My new role is much more interesting, much more challenging, and I get really great feedback that doesn't allow me to slack off - Really great smart people will call me out on my errors and help me get better. It's exactly what I wanted...

....and I kind of hate it. Simply because Everything Is Awful and I have very little mental energy - "spoons" - to spare for fixing work errors, I just want to coast and survive and get through All Of This. I very much wish I could have hung out in the "easy" job for another few months and only moved on after COVID, when I could bring real energy to it instead of my current situation.

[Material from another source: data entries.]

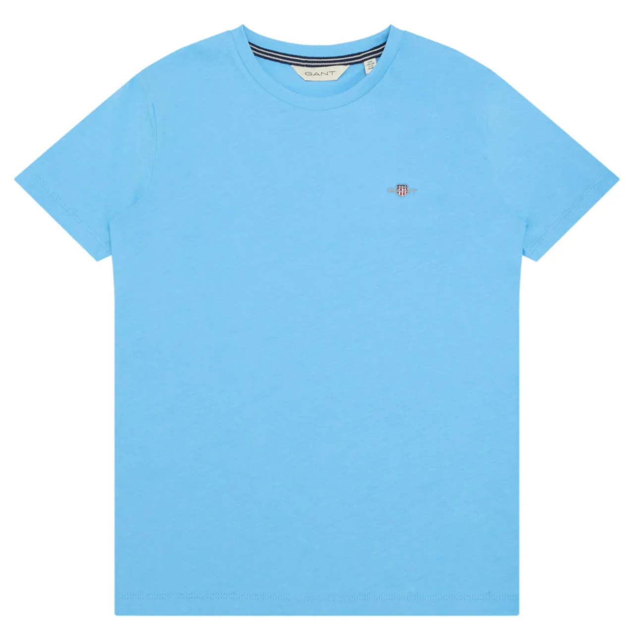 - Short sleeves, round neckline, shield logo embroidery, tonal stitching, straight hemline, smooth fabric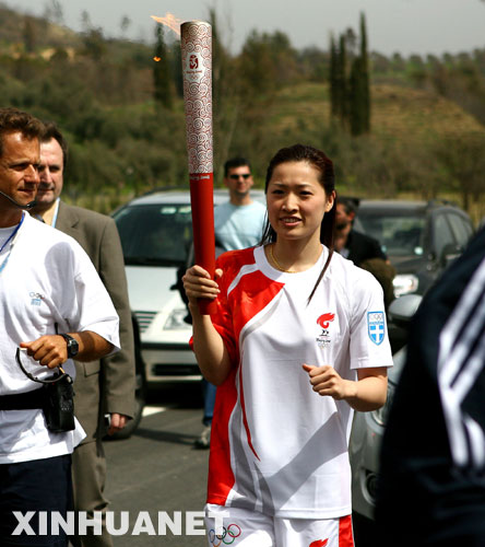 3月24日,中國(guó)火炬手羅雪娟(右)在火炬?zhèn)鬟f過(guò)程中。 新華社記者畢明明攝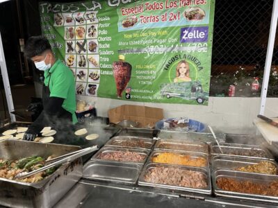 Sidewalk setup by Whole Foods with quick-fire asada and lively pastor. Expect a steady curbside flow, hot-off-the-plancha tortillas, and prices built for a second round.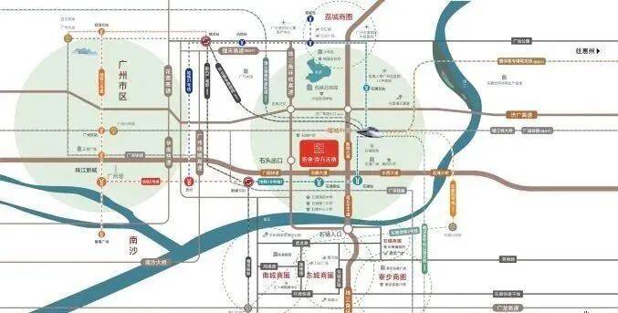 广州地铁 16 号线石滩地铁站(规划),可快速联通广州增城 TOD、新塘 TOD,快线 4 站到天河;通过东莞 4 号线(规划),串联东莞城区,快速联通穗莞双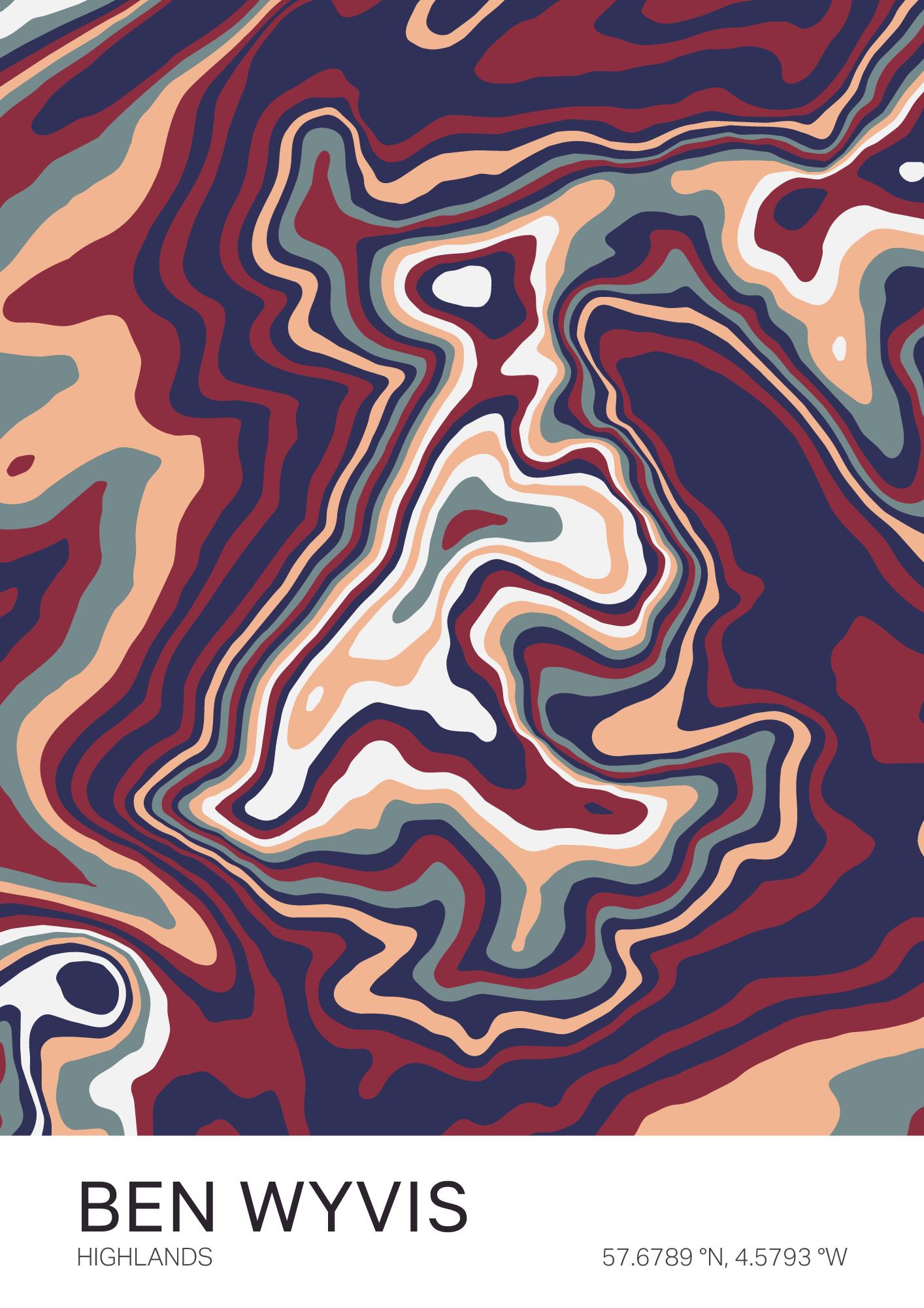 A vibrant, colorful map of Ben Wyvis — a grand isolated Munro north of Inverness, its long whale-backed ridge commanding vast views over the northern Highlands.

So my strong advice is: This is not something to necessarily fix now. You may be burned out and ready to move on to a new challenge, but this is a really bad time to launch into something new and kick butt at it. Wait until the world is halfway "normal" again, and then find something new and worthwhile to do with your days.
posted by Tomorrowful at 3:02 PM on October 14, 2020 [6 favorites]


A change of scenery may help. Since you're working from home, can "home" be somewhere that isn't your home? If you're in a position to do so, you may want to try renting something small for a week and at least when you're not working, you could go outside and see what the neighborhood/area is like. Sure, options are limited right now, but it's still a different place.

I know you said "find something better" is not an immediate option, but looking for something better can be. Even if it doesn't lead to anything, just looking at other positions can sometimes be helpful. Something may catch your attention and, maybe you're not qualified for it, but you could learn what it would take to become qualified for it. And that can give you goals which can help with getting through burnout.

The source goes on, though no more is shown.